5 Easy Ways to Take Better Care of Your Back
If you're glued to a desk for eight hours a day or stand for long periods at work, then you're probably no stranger to back pain. Just about everyone experiences this type of pain at some point. In fact, back pain is the "second most common neurological ailment in the United States, with Americans spending at least $50 billion a year on low back pain," according to the National Institute of Neurological Disorders and Stroke.
It really doesn't take much to trigger a backache. Simple activities like twisting the body or lifting a heavy object can have you laid up in bed. And while back pain can point to a medical condition, such as a bulging disc, spinal degeneration, osteoporosis or spinal tumors, most backaches are acute and improve within a few weeks. (See also: Ways Your Sleeping Position May Be Hurting You)
Sometimes, getting rid of pain — or avoiding it altogether — is a matter of taking better care of your back.
1. Get Active
If you're a couch potato who prefers channel surfing over any type of physical activity, don't be surprised when you develop chronic back pain. Exercise is key to strengthening the muscles in your body, and your back muscles are no exception. These muscles become weak when you're stagnant, and with weak back muscles, you're more susceptible to strains.
There is a simple fix — increase your activity level. Not that you have to transform into a workout junkie. But if you can incorporate 20 to 30 minutes of activity most days of the week, you're on the right track.
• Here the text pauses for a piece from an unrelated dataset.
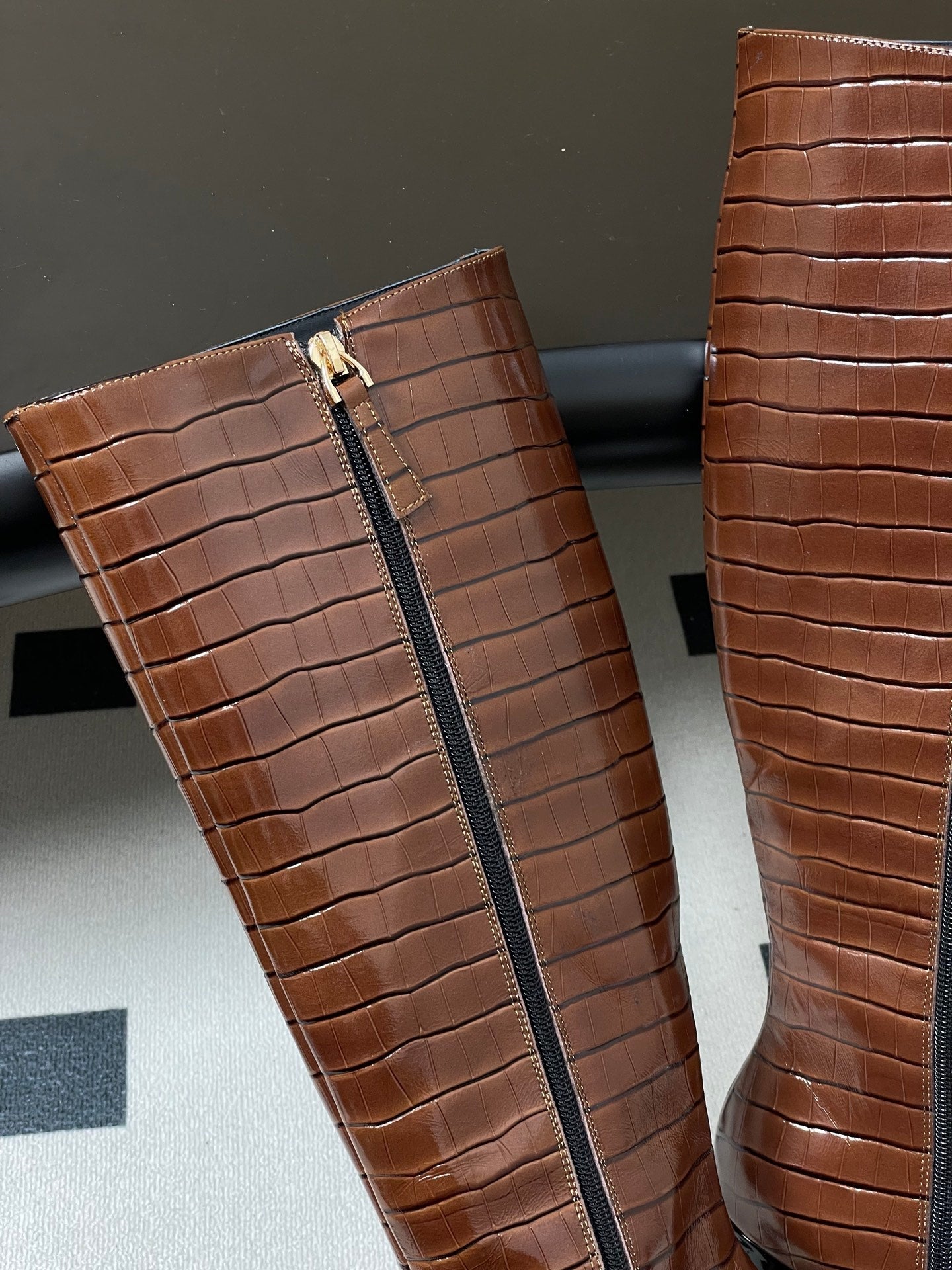 CC 26 Crocodile-embossed High Boot Black Brown Patent Leather 593110

It doesn't need to be strenuous activities, just something to strengthen your core and back muscles. Activities might include yoga, Pilates, swimming, walking, light resistance training, or low-impact aerobics. (See also: 20 Great Body Weight Exercises)
2. Practice Good Posture
Old habits are hard to break. And if you're accustomed to slouching in your chair or standing with your shoulders hunched, standing and sitting tall might feel awkward. But there are undeniable benefits to "straightening up."
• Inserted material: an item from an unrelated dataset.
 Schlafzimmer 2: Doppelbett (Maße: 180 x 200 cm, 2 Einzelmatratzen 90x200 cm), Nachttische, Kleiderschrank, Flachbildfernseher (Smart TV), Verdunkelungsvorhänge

Bad posture strains your muscles and joints, and this constant strain can trigger chronic backaches, as well as neck pain, headaches, and tendonitis. Good posture, however, keeps the spine properly aligned and balanced, decreasing stress on ligaments and preventing muscle strains.
What can you do?
Practice sitting with your feet flat on the floor. If sitting at a desk, adjust the height of the chair to prevent feet dangling, or use a footrest. Keep your spine straight and your shoulders back. Don't slouch over your desk. (See also: 5 Ways to Improve Your Posture)
Good posture also applies when standing. Make a conscious effort to keep your feet shoulder-width apart, your knees slightly bent and your shoulders pulled back.
3. Lose Weight
Dropping a few pounds can not only improve your health and the way you feel about yourself, it can also relieve back pain. Some people fail to see the connection between weight and back pain. However, "every extra pound in the abdominal region could put 10 pounds more stress on the lower back," says Dr. Luigi DiRubba, a chiropractor and President of the Connecticut Chiropractic Council.
If you believe weight is the underlying cause of your back pain, talk with your doctor and discuss a healthy weight for your height. Take steps to drop excess weight. You never know, as little as five to ten pounds could make a difference. Choosing a healthy diet that focuses on fruits, vegetables, lean meats, and nonfat dairy foods is a good start, as well as drinking plenty of water and getting regular physical activity. Dr. DiRubba suggests eating in moderation and taking brief 15- to 20-minute walks after a big meal. (See also: 25 Reasons to Take a Walk)
4. Watch How You Lift
Learning the right way to lift heavy items can also reduce backaches. It's tempting to lean forward and lift an item with your back. But this way does more harm than good.
To avoid straining your spine and back muscles, always bend at your knees. After you have a firm grip on the item, lift with your legs. Tighten your abdominal muscles as you lift and keep the object close to your body. Do not lean forward. And while you may take pride in the ability to do things without assistance from others, just know that a thrown out back is no picnic. With that said, ask for help if an item is too heavy.
5. Take Care of Your Feet
Taking care of your back starts with taking care of your feet. This only makes sense considering how your feet support your body. They are your foundation, and if your shoes don't provide the right kind of support, the effects can be felt all over your back.
For example, high heels might be your shoes of choice, but according to Dr. John M. Giurini, Chief of the Division of Podiatry at Beth Israel Deaconess Medical Center, "high heels can throw off your alignment. They change the center of gravity, causing extra stress and strain on the lower back."
And don't think you're doing your back a favor by switching from heels to flip-flops. "Flip-flops actually change the way your foot strikes the ground," says Annie Malone, a physical therapist for an outpatient rehabilitation provider in Chicago. "Your back will often take the brunt of those unnatural muscle movements."
Of course, nobody is suggesting that you never wear another pair of high heels or flip-flops. Shoes that don't offer the best support might be appropriate at times, such as flip-flops at the beach or pool. But these shoes shouldn't be your everyday, normal footwear. For a healthier back and less pain, choose shoes that offer the best comfort and arch support — preferably flat shoes or sneakers. If you go with a heel, keep it around one or one-half inch.